As you may have gathered, we had avoided all of them up until this week.  Now we've still avoided #1 and #3 (thank heavens because I cannot imagine dealing with #1 with a child who is terrified of getting their hair wet).  But 2.  The dreaded HFMD. 

Growing up in California, I'd never even heard of Hand, Foot, and Mouth Disease.  I first heard of it when we were in Florida and decided that it sounded like the least pleasant sickness I'd ever heard of.  And I've seen announcements of outbreaks on the news multiple times in the last four years since we moved to Michigan.  And every time I would think "Oh please.  Not us.  I can't deal with that."

It always sounded excruciating. 

And somehow we escaped each summer and fall unscathed. 

Until now.  A few days ago Patch came down with a fever.  After twenty four hours the fever broke and, while he was slightly whinier than usual, he seemed to be back to normal, zipping around the house on his scooter. 

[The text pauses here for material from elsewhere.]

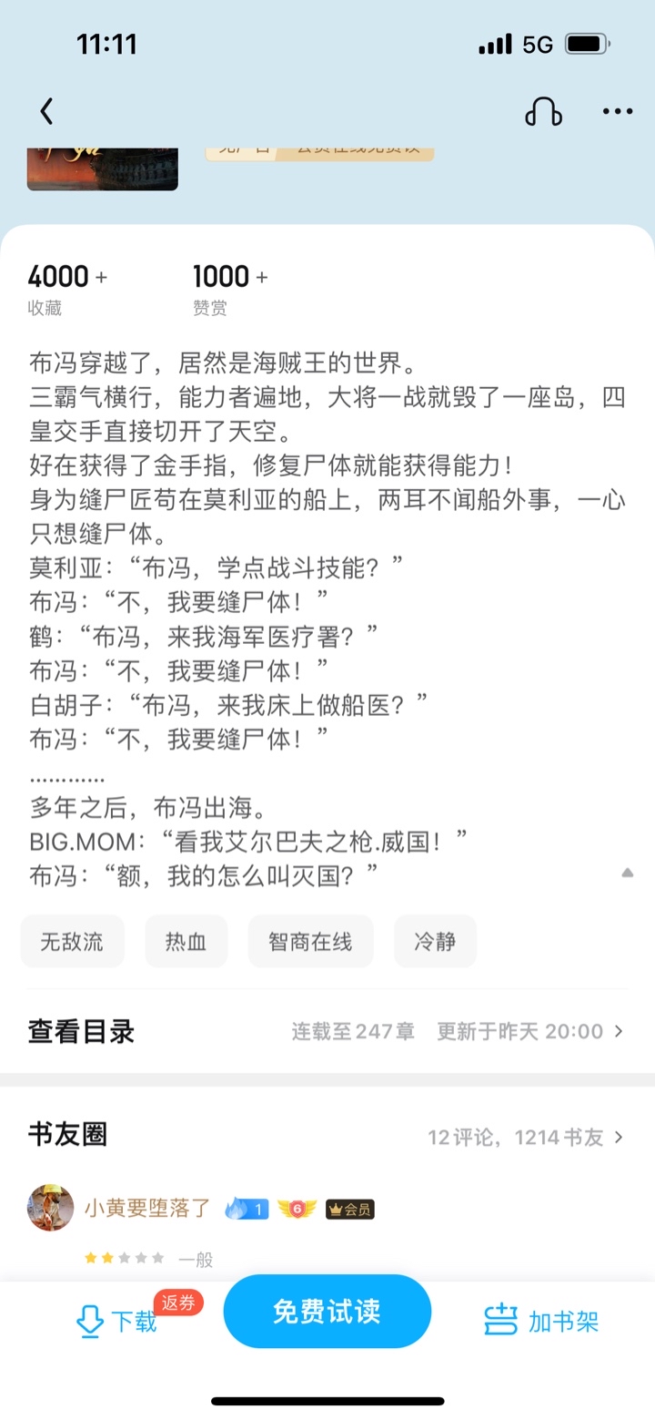 Buffon traveled through time, and it turned out to be the world of One Piece. The three lords are rampant, people with abilities are everywhere, the generals destroyed an island in one battle, and the four emperors cut the sky when they fought. Fortunately, if you get the golden finger, you can gain abilities by repairing the corpse! As a corpse stitcher, he stayed on Moria's ship, ignoring what was going on outside the ship and only wanted to sew corpses. Moria: "Buffon, learn some combat skills?" Buffon: "No, I want to sew up the body!" Crane: "Buffon, come to the Naval Medical Department?" Buffon: "No, I want to sew up the body!" Whitebeard: "Buffon, come to my bed and be the ship's doctor?" Buffon: "No, I want to sew up the body!" ............ Years later, Buffon went to sea. BIG. MOM: "Look at my Elbaf's gun. The power of the country!" Buffon: "Well, why do I call it the destruction of the country?"

After twenty four hours fever free I sent him off to school.  I noticed he had a rash, about the size of a quarter, but the child has battled eczema since he was a newborn, and so I figured I'd put some cortisone cream on it if it didn't clear up and that would be it. Besides, after a June and July virtually free of mosquitoes, we've been hit hard with them since August and they adore this child.  And he'd spent all afternoon yesterday running around outside, so whatever wasn't eczema was likely mosquitoes. 

I was so, so wrong.

Three hours after Paul dropped him off, I picked him up from school at the end of the three year old class day.  The rash was bigger.  It was around his mouth.  With dread I looked in his mouth and then at his hands.  There were tiny red bumps everywhere.  I didn't have to look at his feet to know what was happening. 

We informed the school.  And then yesterday afternoon I informed Maggie's school that one of our other kids had it, although neither girls show any sign of being sick, just so that they would know to be on the look out in case she started to feel sick.  This morning I received a letter back saying that they had a confirmed case at her school (yesterday). 

This morning at James' genetics appointment he had a fever and the beginnings of the rash... so it looks as if both of our little guys have been stricken by it. 

Patch was hysterical that he couldn't go to school.  James is... kind of happy that Patch can't go to school.  And I'm just praying that the girls, especially Tessie, are spared getting it. 

Because I really don't want to see this little sweetness...


... with it.  Not even a little.  Not at all. 

I suspect Maggie may have had it and fought it off without getting any symptoms.  A week ago she had a few days where she basically slept constantly... and while she never had a fever or a rash, I do wonder. She tends to sleep 20 hours a day when she's sick, refusing food and that's not far off from what happened last week, minus the fever. 

Aside from that, I am curious.  Did anyone else grow up in an area where they hadn't heard of HFMD?  In my head I'm equating it with more humid areas/times of year, just because it seems like that's when I hear about it, and I was wondering if that's accurate or not!